◆ SOURCE INFORMATION ◆

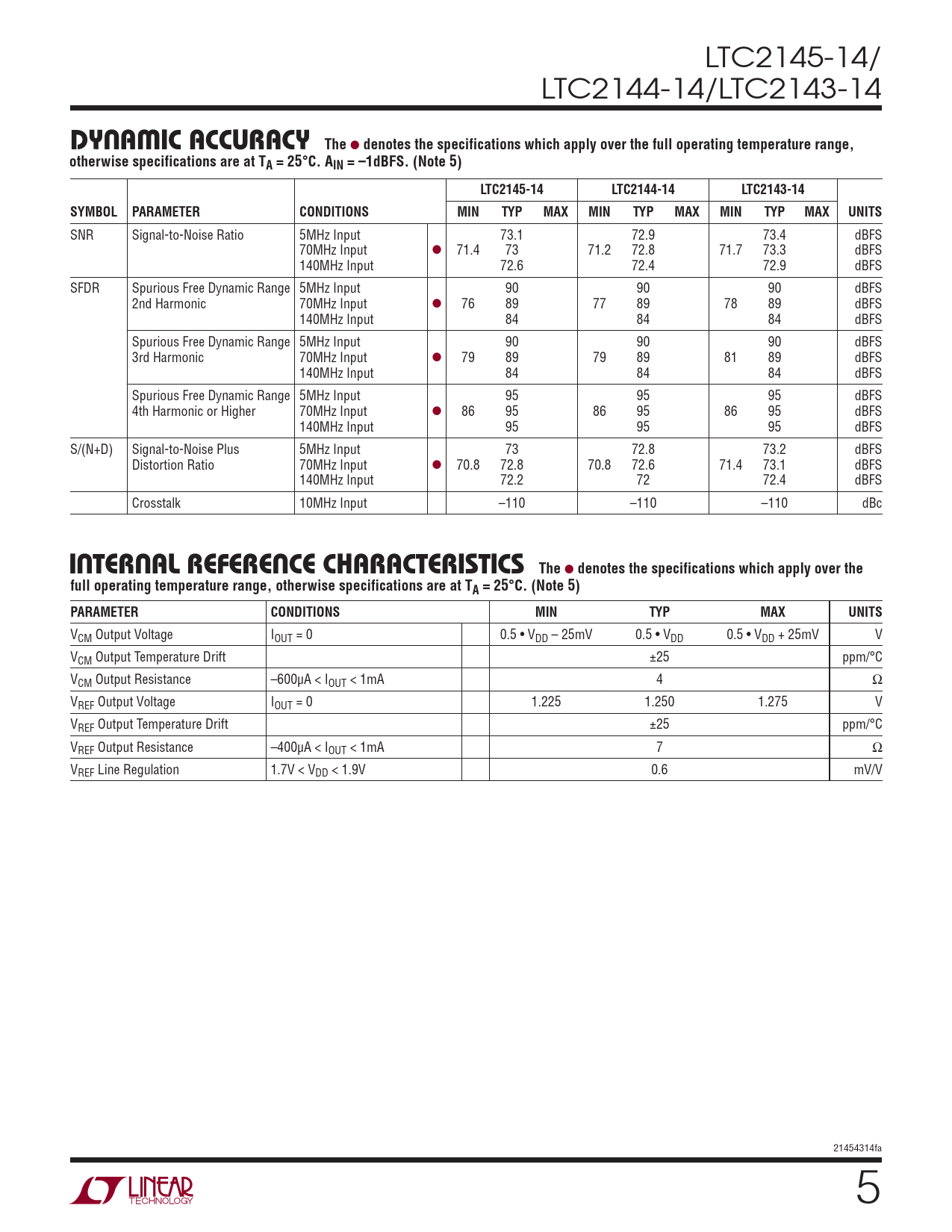 Datasheet LTC2145-14, LTC2144-14, LTC2143-14 (Analog Devices) - 5
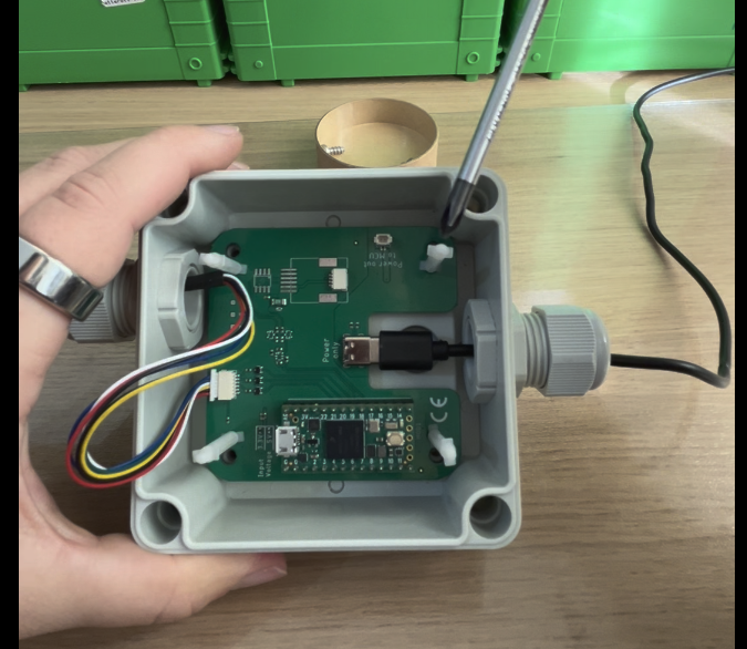 Bevor du die senseBox auf die Abstandshalter drückst, lege den Silikagel-Beutel auf der Platine. Er hilft, Feuchtigkeit im Gehäuseinneren zu reduzieren.
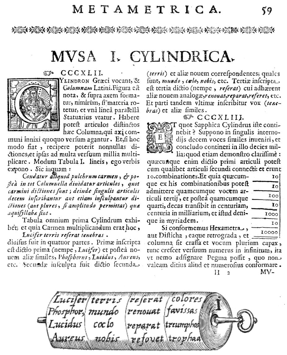 Nel 1663 Juan de Caramuel aveva progettato un cilindro composto da quattro settori rotanti; ciascun settore presentava dieci parole, e ruotandoli casualmente si potevano produrre fino a diecimila frasi di senso compiuto. (2)
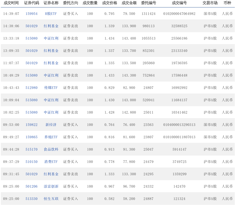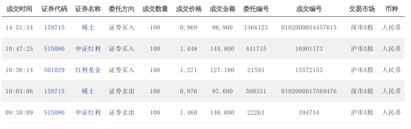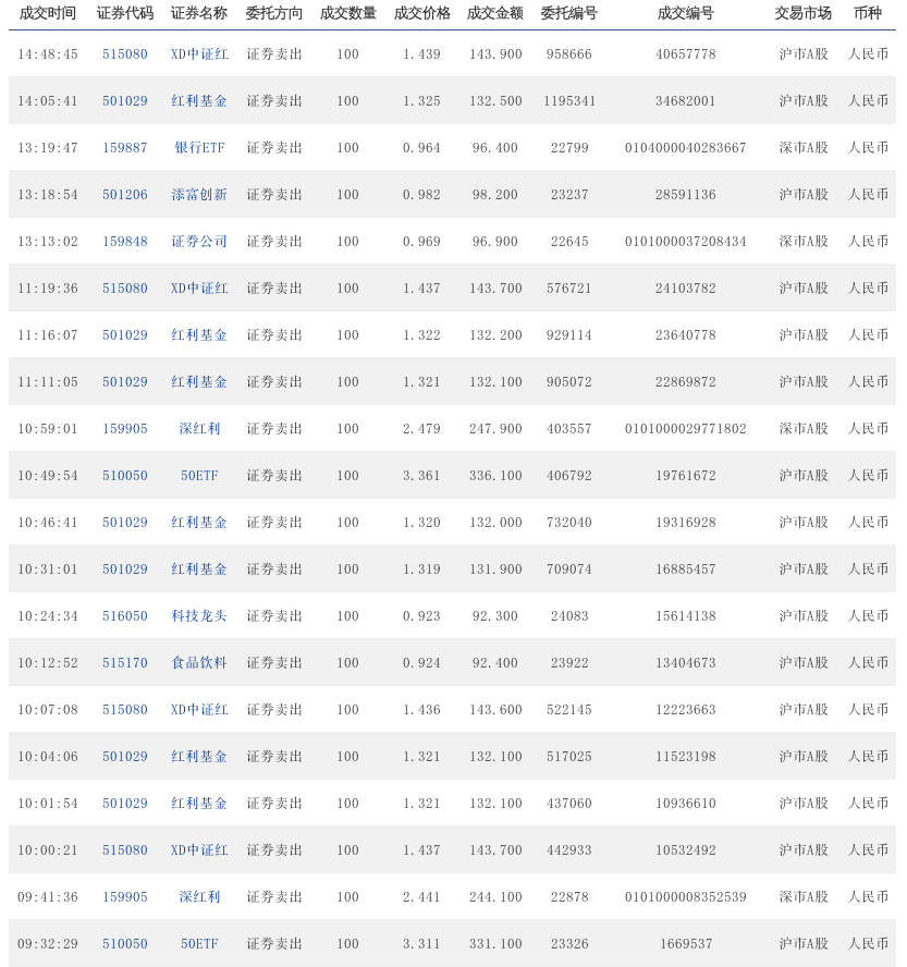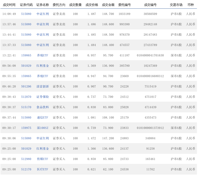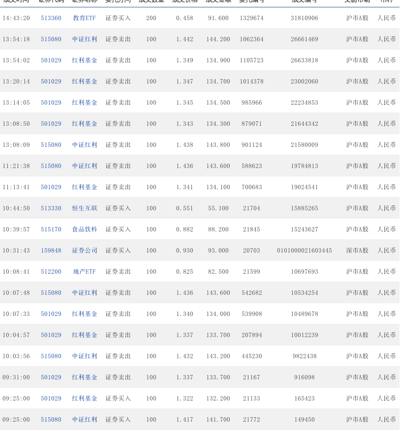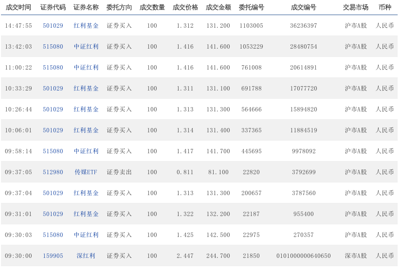 14:31:46 515080 中证红利 证券买入 100 1.405 140.5 927307
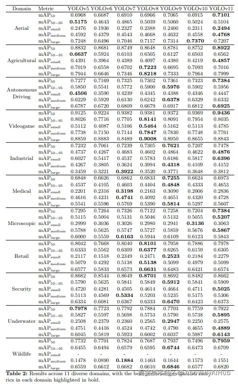 虽然YOLOv11综合指标排名第一,但也仅在6个领域(如农业、自动驾驶)表现最佳。或许有人会问到底该如何选择模型呢,该论文也是给出了一份“领域适配清单”:
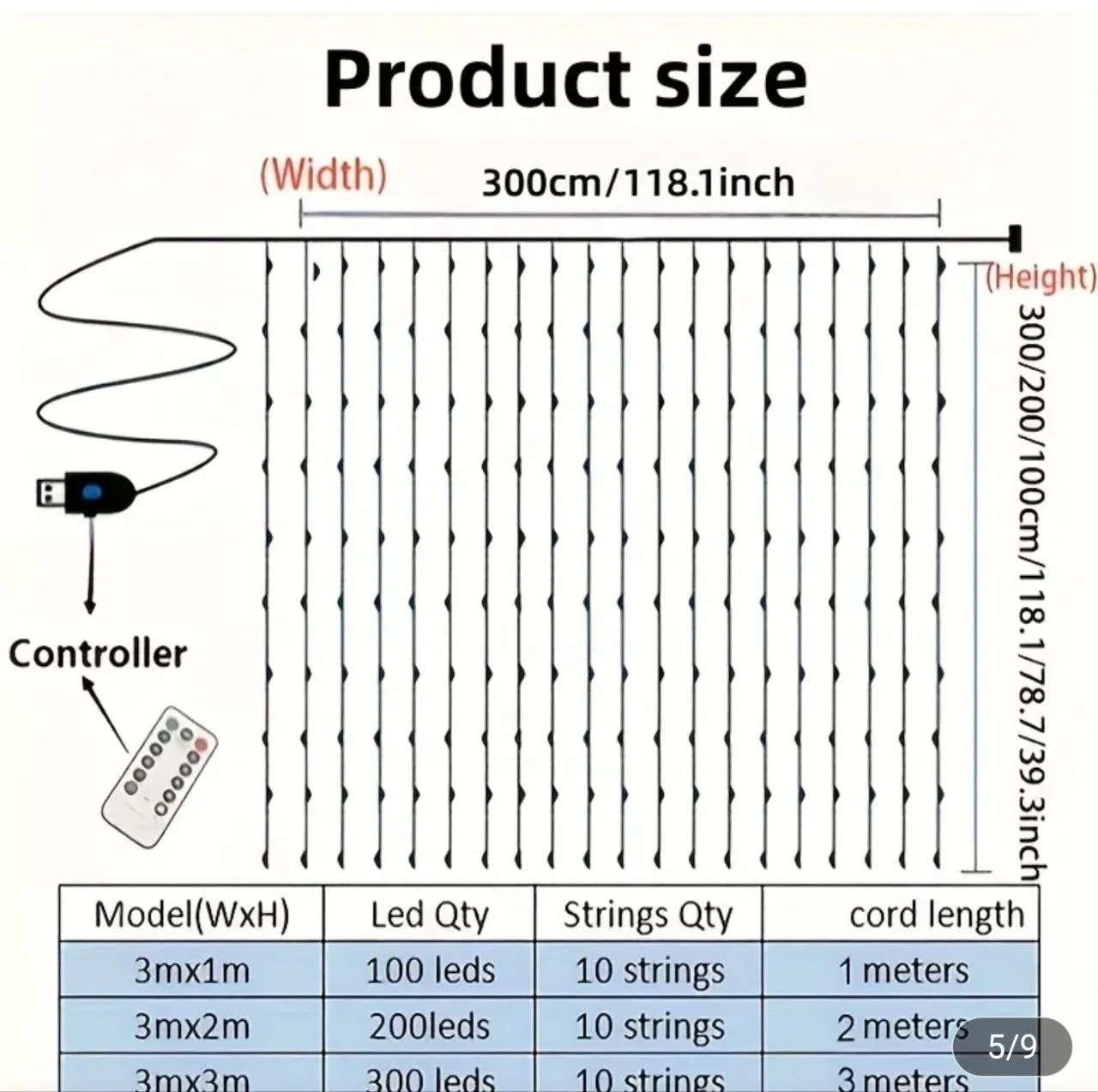Includes 10 strings and 100 LEDs.
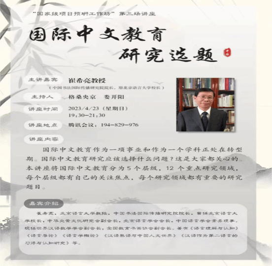 于线上成功举办了“国家级项目预研工作坊”系列第三场讲座。本次讲座特邀的专家是北京语言大学的崔希亮教授,主题为“国际中文教育研究选题”。讲座由情色小说
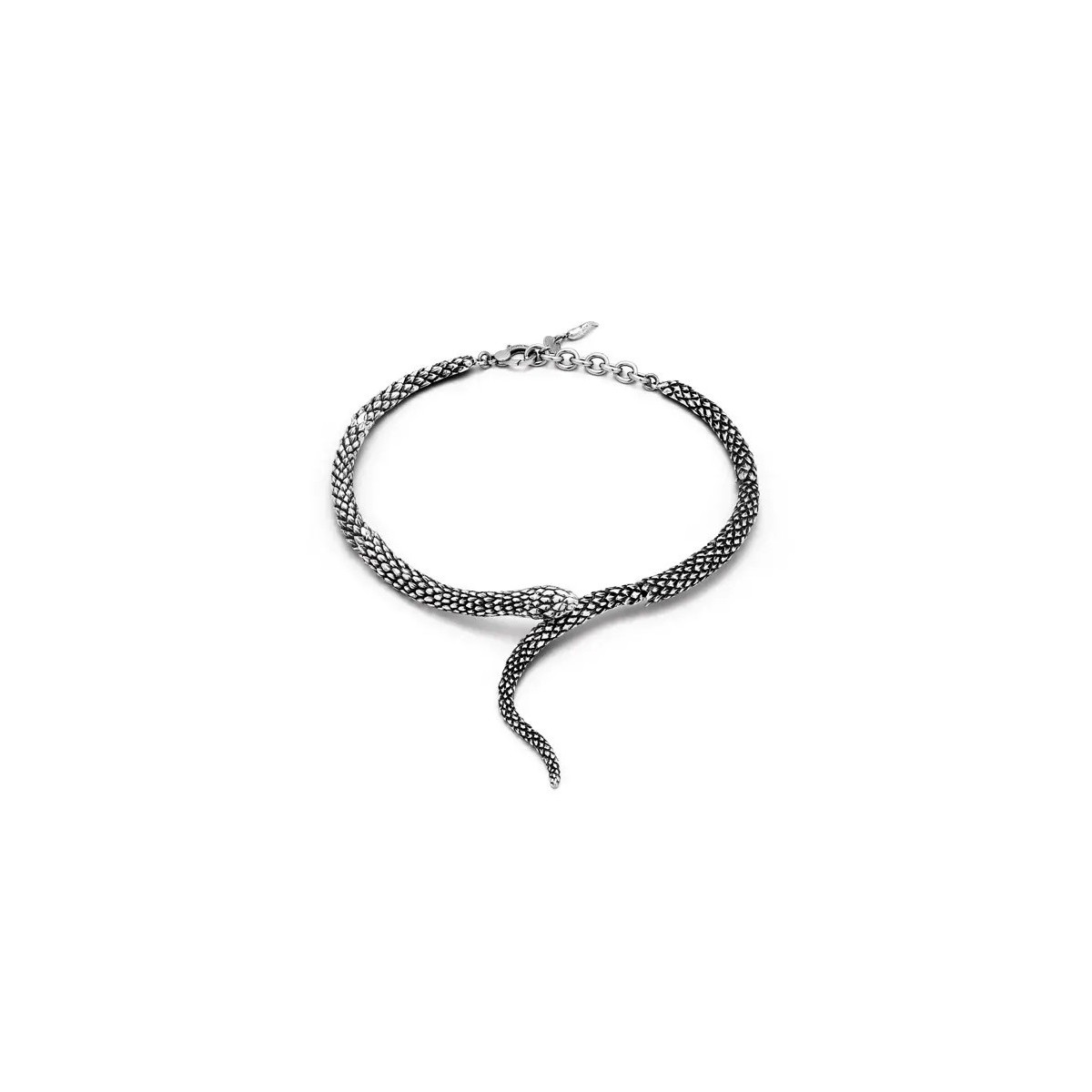 Collana collezione 'Animalier' realizzata in argento brunito 925 raffigurante un serpente che avvolge il collo, grazie agli invisibili giunti snodati, con chiusura a moschettone con maglie di regolazione.

◆ TASK INSTRUCTIONS ◆
The records above are to be restated word for word, with every picture left out.

◆ OUTPUT FOR THIS EXERCISE ◆
 Datasheet LTC2145-14, LTC2144-14, LTC2143-14 (Analog Devices) - 5
 Bevor du die senseBox auf die Abstandshalter drückst, lege den Silikagel-Beutel auf der Platine. Er hilft, Feuchtigkeit im Gehäuseinneren zu reduzieren.
 Nel 1663 Juan de Caramuel aveva progettato un cilindro composto da quattro settori rotanti; ciascun settore presentava dieci parole, e ruotandoli casualmente si potevano produrre fino a diecimila frasi di senso compiuto. (2)
 14:31:46 515080 中证红利 证券买入 100 1.405 140.5 927307
 虽然YOLOv11综合指标排名第一,但也仅在6个领域(如农业、自动驾驶)表现最佳。或许有人会问到底该如何选择模型呢,该论文也是给出了一份“领域适配清单”:
Includes 10 strings and 100 LEDs.
 于线上成功举办了“国家级项目预研工作坊”系列第三场讲座。本次讲座特邀的专家是北京语言大学的崔希亮教授,主题为“国际中文教育研究选题”。讲座由情色小说
 Collana collezione 'Animalier' realizzata in argento brunito 925 raffigurante un serpente che avvolge il collo, grazie agli invisibili giunti snodati, con chiusura a moschettone con maglie di regolazione.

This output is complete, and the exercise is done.